[MATERIAL TO PROCESS Boundary: Start]

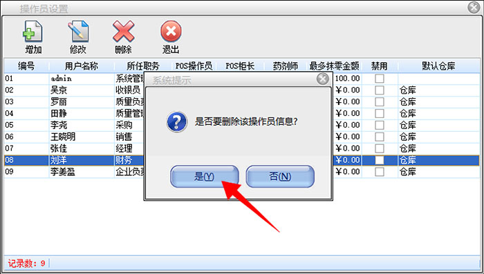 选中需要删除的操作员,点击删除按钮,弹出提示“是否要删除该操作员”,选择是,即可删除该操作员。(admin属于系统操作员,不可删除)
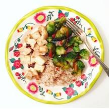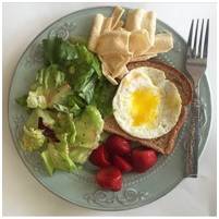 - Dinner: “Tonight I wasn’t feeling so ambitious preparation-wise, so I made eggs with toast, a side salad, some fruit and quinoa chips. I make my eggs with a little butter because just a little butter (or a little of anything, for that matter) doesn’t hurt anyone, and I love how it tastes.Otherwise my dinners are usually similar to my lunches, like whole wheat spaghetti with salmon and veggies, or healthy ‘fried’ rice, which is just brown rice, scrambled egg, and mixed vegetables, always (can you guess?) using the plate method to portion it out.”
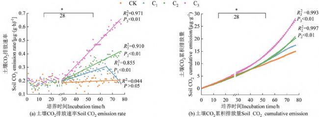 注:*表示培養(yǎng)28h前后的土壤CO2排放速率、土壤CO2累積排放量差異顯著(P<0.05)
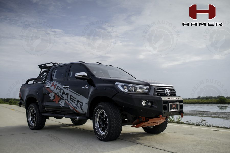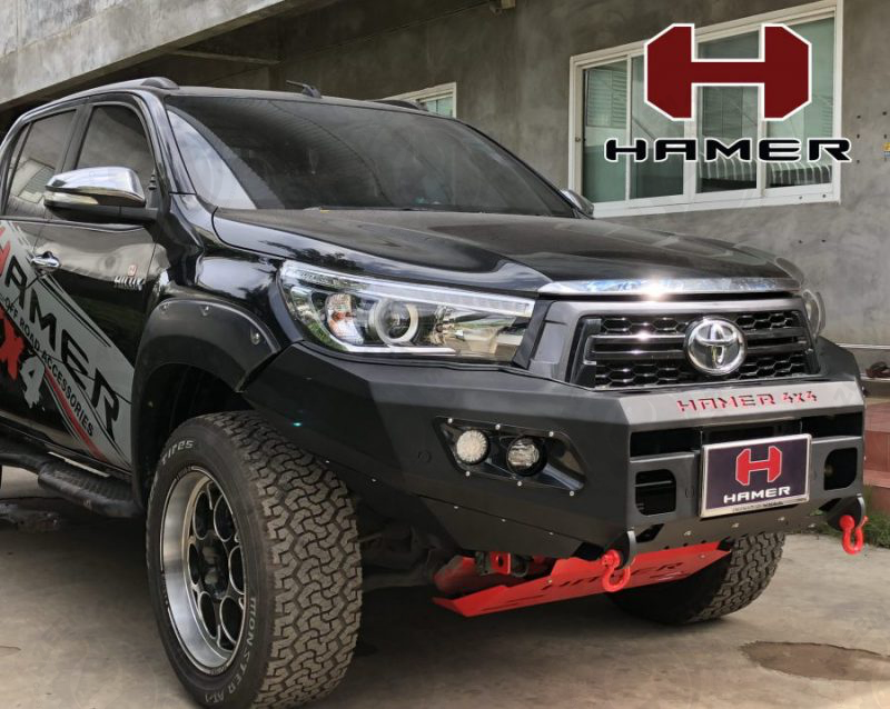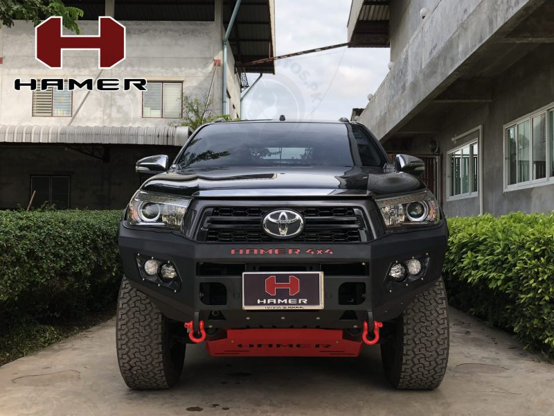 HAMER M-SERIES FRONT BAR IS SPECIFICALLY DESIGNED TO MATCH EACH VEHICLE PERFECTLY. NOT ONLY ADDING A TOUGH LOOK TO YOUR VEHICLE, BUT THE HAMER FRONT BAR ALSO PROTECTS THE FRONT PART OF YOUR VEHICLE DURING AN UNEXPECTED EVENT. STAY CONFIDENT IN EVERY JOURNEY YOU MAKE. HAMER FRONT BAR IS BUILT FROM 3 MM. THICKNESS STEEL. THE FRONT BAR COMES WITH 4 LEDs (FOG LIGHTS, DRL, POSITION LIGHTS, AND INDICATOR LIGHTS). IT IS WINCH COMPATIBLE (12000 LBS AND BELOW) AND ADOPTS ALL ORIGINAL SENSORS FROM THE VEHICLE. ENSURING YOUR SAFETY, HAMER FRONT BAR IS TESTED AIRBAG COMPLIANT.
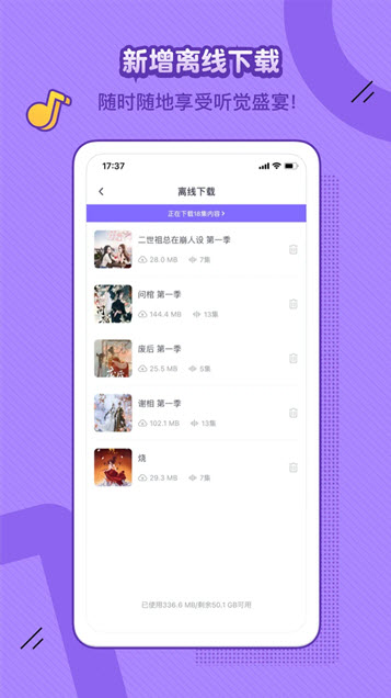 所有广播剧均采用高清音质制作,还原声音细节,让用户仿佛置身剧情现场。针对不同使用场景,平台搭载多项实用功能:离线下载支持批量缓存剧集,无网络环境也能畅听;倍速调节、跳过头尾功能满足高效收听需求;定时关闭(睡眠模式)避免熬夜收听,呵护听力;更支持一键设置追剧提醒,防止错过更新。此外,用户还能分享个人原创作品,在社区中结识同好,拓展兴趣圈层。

[MATERIAL TO PROCESS Boundary: End]
[MATERIAL TO PROCESS Boundary: Start]

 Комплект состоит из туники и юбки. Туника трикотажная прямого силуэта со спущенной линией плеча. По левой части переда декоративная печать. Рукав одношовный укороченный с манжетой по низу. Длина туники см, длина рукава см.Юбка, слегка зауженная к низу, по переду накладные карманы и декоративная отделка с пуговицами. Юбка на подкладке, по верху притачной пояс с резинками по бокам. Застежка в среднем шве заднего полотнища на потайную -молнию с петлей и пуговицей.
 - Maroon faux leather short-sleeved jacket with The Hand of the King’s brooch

[MATERIAL TO PROCESS Boundary: End]
[MATERIAL TO PROCESS Boundary: Start]

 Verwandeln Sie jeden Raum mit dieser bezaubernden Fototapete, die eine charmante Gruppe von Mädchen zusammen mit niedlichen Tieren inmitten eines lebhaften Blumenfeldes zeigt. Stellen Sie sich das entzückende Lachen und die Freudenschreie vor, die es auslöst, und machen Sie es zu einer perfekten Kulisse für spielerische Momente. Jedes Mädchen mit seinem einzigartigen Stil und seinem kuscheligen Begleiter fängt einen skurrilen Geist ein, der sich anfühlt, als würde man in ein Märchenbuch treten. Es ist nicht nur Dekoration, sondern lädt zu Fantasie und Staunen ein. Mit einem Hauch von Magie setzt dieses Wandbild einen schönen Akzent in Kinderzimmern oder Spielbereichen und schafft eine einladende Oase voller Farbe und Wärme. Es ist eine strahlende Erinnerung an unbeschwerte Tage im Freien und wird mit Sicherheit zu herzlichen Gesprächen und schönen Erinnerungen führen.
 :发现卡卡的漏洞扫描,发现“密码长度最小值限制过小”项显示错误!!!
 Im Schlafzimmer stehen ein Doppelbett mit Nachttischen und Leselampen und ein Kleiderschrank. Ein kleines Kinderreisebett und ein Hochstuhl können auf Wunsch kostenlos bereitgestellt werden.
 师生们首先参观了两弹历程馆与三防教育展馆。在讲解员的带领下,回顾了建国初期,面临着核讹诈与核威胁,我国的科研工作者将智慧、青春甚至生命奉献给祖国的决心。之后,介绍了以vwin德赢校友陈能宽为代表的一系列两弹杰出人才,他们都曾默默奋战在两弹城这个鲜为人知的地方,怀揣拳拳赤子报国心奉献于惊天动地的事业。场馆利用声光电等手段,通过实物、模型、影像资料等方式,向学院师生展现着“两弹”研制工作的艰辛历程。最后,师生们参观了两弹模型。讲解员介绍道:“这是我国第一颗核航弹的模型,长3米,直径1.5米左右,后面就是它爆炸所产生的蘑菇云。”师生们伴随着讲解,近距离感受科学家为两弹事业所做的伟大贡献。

[MATERIAL TO PROCESS Boundary: End]

§ TASK ITEM: Please give again the lines above between the line holding "Комплект состоит из" and the line holding "- Maroon faux", inclusive, exactly as they are and with nothing added.

§ TASK RESULT:
 Комплект состоит из туники и юбки. Туника трикотажная прямого силуэта со спущенной линией плеча. По левой части переда декоративная печать. Рукав одношовный укороченный с манжетой по низу. Длина туники см, длина рукава см.Юбка, слегка зауженная к низу, по переду накладные карманы и декоративная отделка с пуговицами. Юбка на подкладке, по верху притачной пояс с резинками по бокам. Застежка в среднем шве заднего полотнища на потайную -молнию с петлей и пуговицей.
 - Maroon faux leather short-sleeved jacket with The Hand of the King’s brooch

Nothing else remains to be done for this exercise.